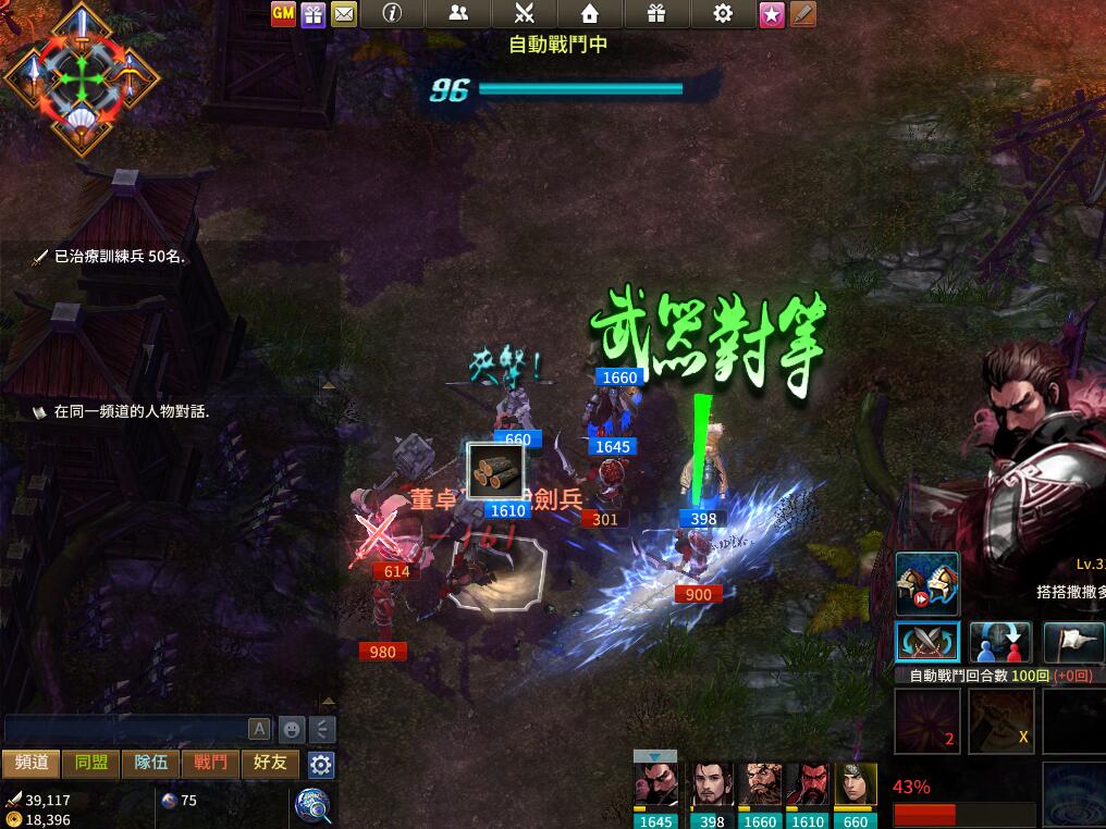 【武将云集自由对战】《胸怀三国》不仅还原了三国历史还结合了独特的「剧情动画语音」与超过1000 篇的丰富剧情,深刻描绘三国英雄的史诗故事,所有武将唯我所用,让玩家感受最真实的战争思维,彷佛置身于经典战役中,感受气势磅礡的完美战役。【调兵布阵震撼攻城】军营战、掠夺战、国战,施展武将调遣、战畧布局的雄才大略!真实还原还原三国史诗战役!《胸怀三国》中的副本挑战,让玩家透过组队更有效率的完成任务外,也可以与好友一同享受战斗乐趣,还可获得额外的组队点数奖励。玩家可组队参加3对3军营战副本,玩家在限定的时间内,运用战术策略和队友一起冲锋陷阵,突破敌方大本战。
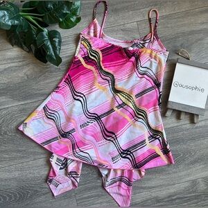Belle Amie Vintage Y2K 90s Abstract Babydoll Handkerchief Hem Pink tank top M
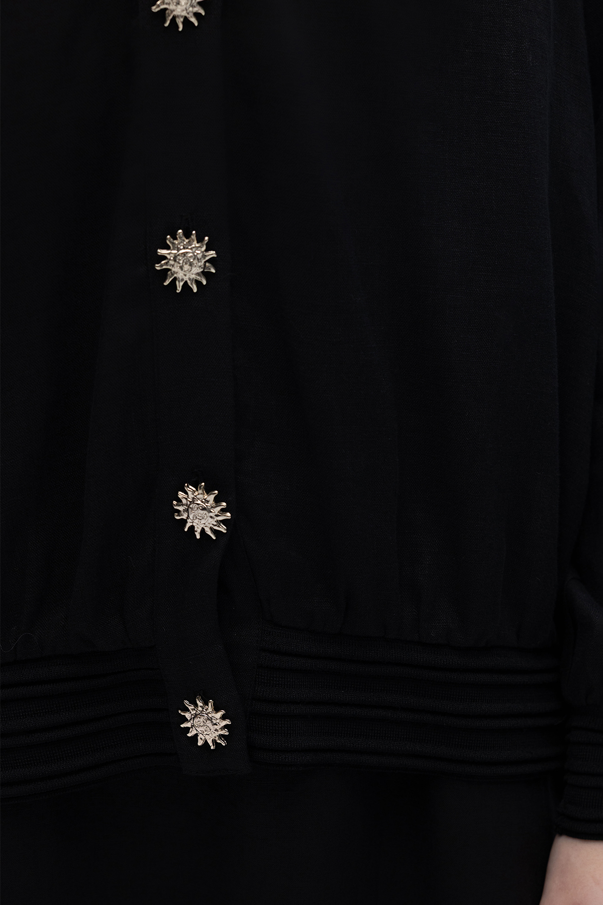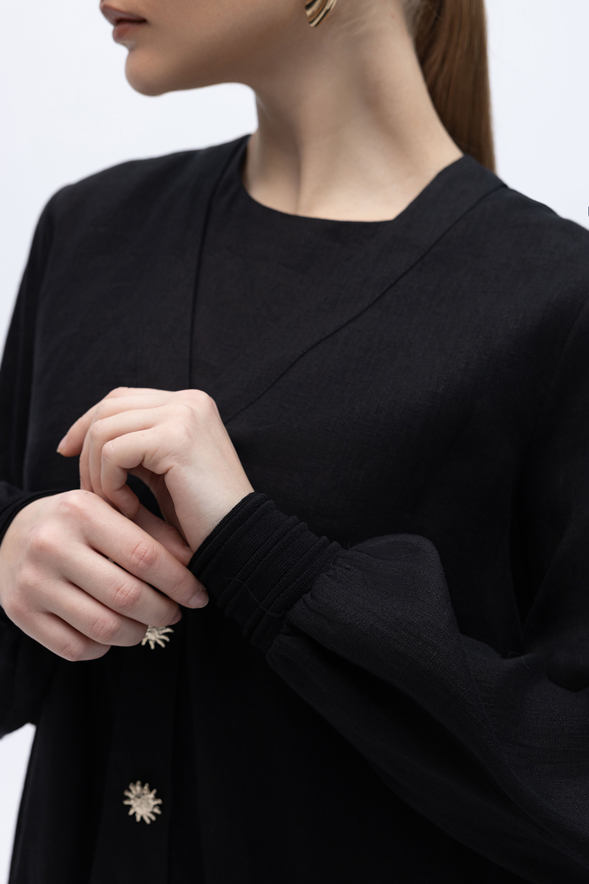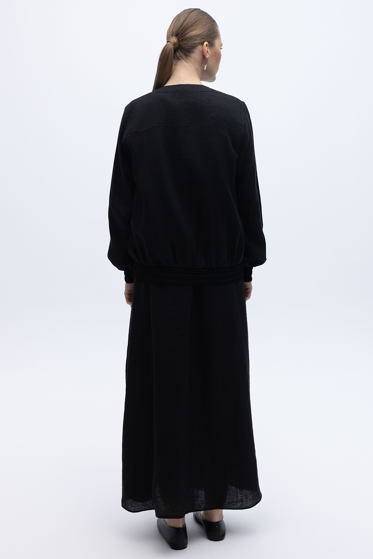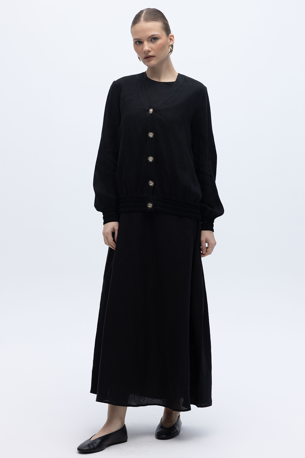 Güneş Düğmeli Elbise Ceket Keten Takım Siyah
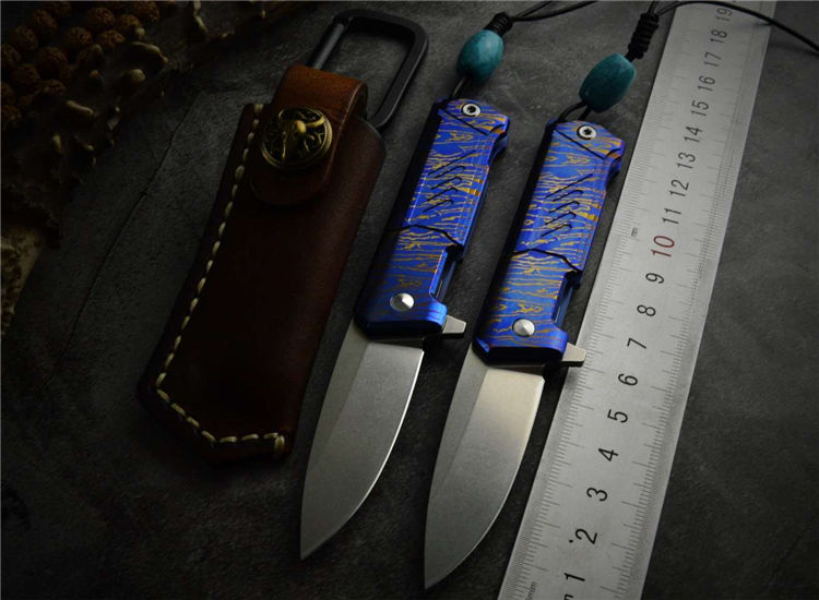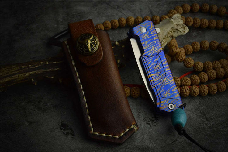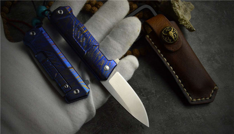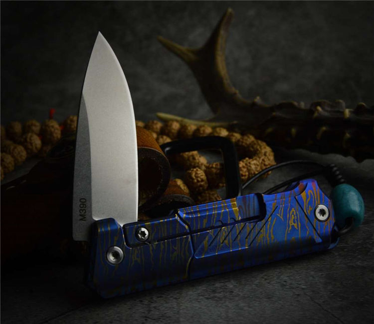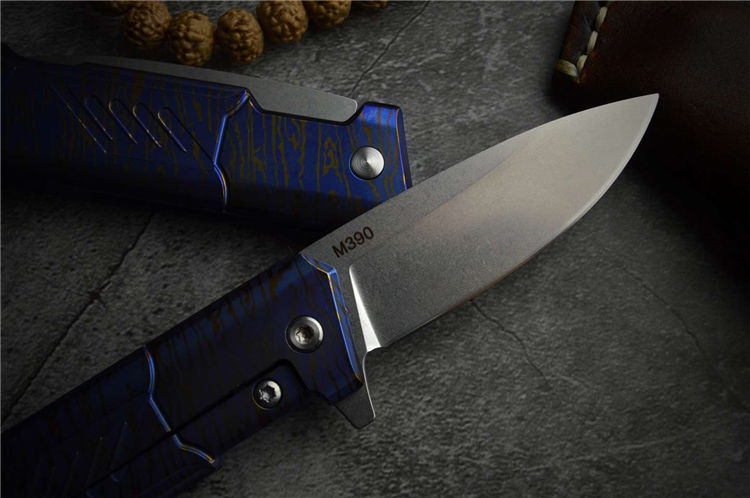 M390小金钢折刀 总长:13cm 刃长:5.5cm 刃厚:2.5mm 刃宽:1.8cm 柄材:TC4钛合金 轴承:陶瓷滚珠轴承 钢材:奥地利进口m390粉末钢 表面效果:精幼石洗 配置:头层牛皮刀套 小金钢m390粉末钢快开陶瓷轴承折刀震撼上市,自主设计开发,质量保证,进口奥地利m390粉末钢。手柄采用TC4钛合金,表面烤亮蓝色激大马纹工艺设计。陶瓷轴承结构,开合顺畅,专业真空热处理,硬度在60-61HRC之间,韧性与保持性防锈性对于m390钢被称为综合性最好的神钢
═══
# Work task:
Return the lines from the one that contains "Güneş Düğmeli Elbise Ceket Keten Takım Siyah" through the final line of the listing above, inclusive. Transcribe them exactly and drop the pictures.

# Response area:
 Güneş Düğmeli Elbise Ceket Keten Takım Siyah
 M390小金钢折刀 总长:13cm 刃长:5.5cm 刃厚:2.5mm 刃宽:1.8cm 柄材:TC4钛合金 轴承:陶瓷滚珠轴承 钢材:奥地利进口m390粉末钢 表面效果:精幼石洗 配置:头层牛皮刀套 小金钢m390粉末钢快开陶瓷轴承折刀震撼上市,自主设计开发,质量保证,进口奥地利m390粉末钢。手柄采用TC4钛合金,表面烤亮蓝色激大马纹工艺设计。陶瓷轴承结构,开合顺畅,专业真空热处理,硬度在60-61HRC之间,韧性与保持性防锈性对于m390钢被称为综合性最好的神钢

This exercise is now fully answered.